Authors
Umarov G.M., Fedyk O.V., Shestakov E.A., Melnichenko V.Ya., Mochkin N.E., Zefirova S.A., Kim K.F., Zhiburt E.B.
Pirogov National Medical and Surgical Center, Moscow
Abstract
Rationale. Daratumumab is a monoclonal antibody against CD38, which is located on the surface of multiple myeloma (MM) cells. This has made CD38 a target for immunotherapy against MM. CD38 is also present on red blood cells and platelets. Therefore, anti-CD38 antibodies can interfere with routine immunohematological testing and distort their results.
Objective. To identify patterns in immunohematological testing and transfusion therapy in patients receiving daratumumab.
Methods. A retrospective study, using electronic medical records, examined the results of immunohematological testing and transfusion therapy for 75 inpatients at the Pirogov Center receiving daratumumab in 2025.

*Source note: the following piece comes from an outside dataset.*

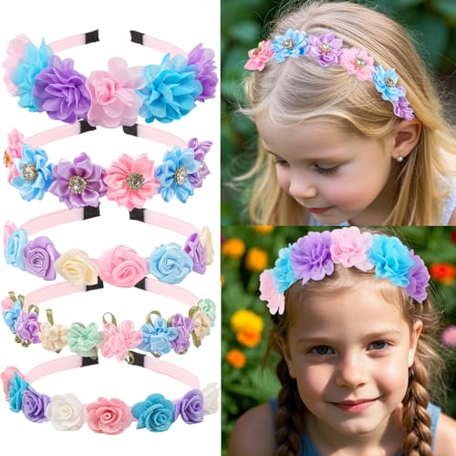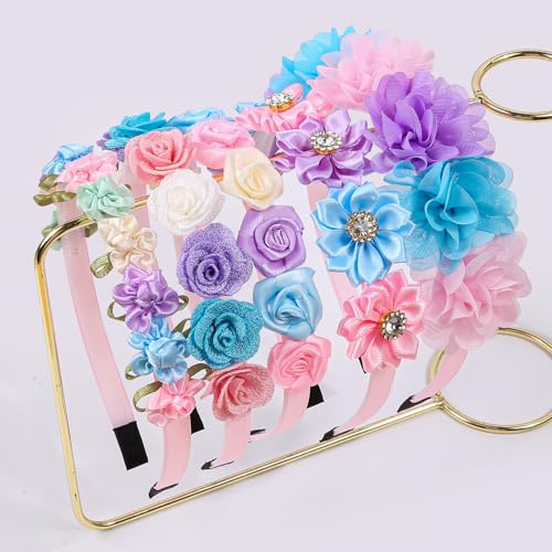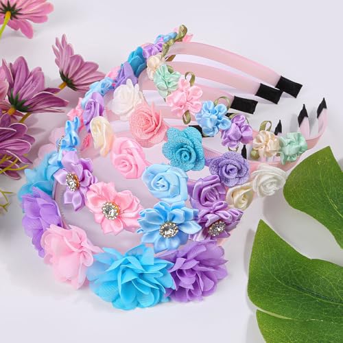 XIMA Pastel Floral Headbands for Girls,Chiffon Rose Hair Accessories with Rhinestones Flowers Hairbands for Toddlers Teens Childrens Kids Women Pack of 5

Results. Based on the results of treatment at the Pirogov Center in 2025, 12.0% of patients receiving daratumumab required red blood cell transfusions, while 29.3% required platelet transfusions. A positive test for irregular anti-erythrocyte antibodies, characterized by weak and fluctuating agglutination, was recorded in 4 of 9 red blood cell recipients. Transfusion of donor red blood cell suspensions containing leukodepleted red blood cells in PAGGSM, compatible with ABO, Rh, and Kell blood group antigens, with visual assessment of hemolysis, ensures adequate transfusion support for patients receiving daratumumab.
Conclusion. Specific aspects of the evaluation and transfusion support of patients receiving daratumumab should be included in the clinical guidelines for “Multiple Myeloma”.
Keywords: daratumumab, antibodies, compatibility, blood transfusion.